The data types we usually encounter in practice include structured data , Picture data , Text data , time series data .
We will separate with titanic Survival prediction ,cifar2 Image classification problem ,imdb The classification of film reviews , For example, the prediction of the ending time of the new epidemic situation in China , Demo application Pytorch Modeling methods for these four types of data .
Pytorch It's based on Python Machine learning library . It's widely used in computer vision , Deep learning areas such as natural language processing . It's the present and TensorFlow A framework of deep learning in which people compete against each other , It's very popular in academic circles .
It mainly provides the following two core functions ：
1, Support GPU Accelerated tensor computation .
2, Automatic differentiation mechanism of convenient optimization model .

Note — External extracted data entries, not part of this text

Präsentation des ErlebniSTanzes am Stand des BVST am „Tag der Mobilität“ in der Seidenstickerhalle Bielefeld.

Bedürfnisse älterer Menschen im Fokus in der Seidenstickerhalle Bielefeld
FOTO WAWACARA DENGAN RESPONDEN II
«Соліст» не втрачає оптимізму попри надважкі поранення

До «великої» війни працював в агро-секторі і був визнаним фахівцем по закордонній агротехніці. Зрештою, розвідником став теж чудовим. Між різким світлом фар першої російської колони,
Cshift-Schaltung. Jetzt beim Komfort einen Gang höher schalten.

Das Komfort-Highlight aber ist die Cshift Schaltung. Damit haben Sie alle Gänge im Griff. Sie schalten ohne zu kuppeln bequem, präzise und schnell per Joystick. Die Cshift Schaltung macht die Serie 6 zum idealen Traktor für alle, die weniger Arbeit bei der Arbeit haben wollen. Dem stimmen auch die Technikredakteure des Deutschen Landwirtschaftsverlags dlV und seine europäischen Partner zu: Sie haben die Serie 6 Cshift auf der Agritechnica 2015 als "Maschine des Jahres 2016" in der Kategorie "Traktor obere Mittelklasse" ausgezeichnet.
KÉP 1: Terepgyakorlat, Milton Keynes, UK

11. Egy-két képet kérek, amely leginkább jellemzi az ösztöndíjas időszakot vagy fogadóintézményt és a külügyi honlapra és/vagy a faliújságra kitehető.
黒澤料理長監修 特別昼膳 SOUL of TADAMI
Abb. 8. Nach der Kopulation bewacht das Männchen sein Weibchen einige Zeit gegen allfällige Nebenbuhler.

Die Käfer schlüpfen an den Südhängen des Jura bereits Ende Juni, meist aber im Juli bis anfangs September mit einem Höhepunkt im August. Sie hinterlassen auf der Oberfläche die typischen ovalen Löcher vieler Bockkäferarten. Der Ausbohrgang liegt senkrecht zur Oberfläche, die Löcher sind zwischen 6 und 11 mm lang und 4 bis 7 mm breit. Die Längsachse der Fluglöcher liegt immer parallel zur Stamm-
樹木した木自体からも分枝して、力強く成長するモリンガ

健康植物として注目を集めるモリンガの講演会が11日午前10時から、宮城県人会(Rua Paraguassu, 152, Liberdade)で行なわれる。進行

Pytorch Main advantages of ：
Simple and easy to understand ：Pytorch Of API The design is quite concise and consistent . Basically tensor, autograd, nn Three level packaging . It's very easy to learn . There's a piece like this , say TensorFlow The design philosophy of Make it complicated, Keras The design philosophy of Make it complicated and hide it, and Pytorch The design philosophy of Keep it simple and stupid.
Easy to debug ：Pytorch Using dynamic graphs , It can be like ordinary Python Debug the code as well . differ TensorFlow, Pytorch It is usually easy to understand . There's a piece like this , Say you'll never get from TensorFlow The reason why it went wrong was found in the error report description of .
Powerful and efficient ：Pytorch Provides a very rich set of model components , You can implement ideas quickly . And it runs very fast . At present, most of the deep learning is related to Paper It's all used Pytorch Realized . Some researchers say , From using TensorFlow Convert to use Pytorch after , They sleep better , The hair is thicker than before , The skin is smoother than before .
It is said that , Ten thousand Zhang tall buildings rise from the ground ,Pytorch This building also has its foundation .
Pytorch The core concept at the bottom is tensor , Dynamic computing graphs and automatic differentiation .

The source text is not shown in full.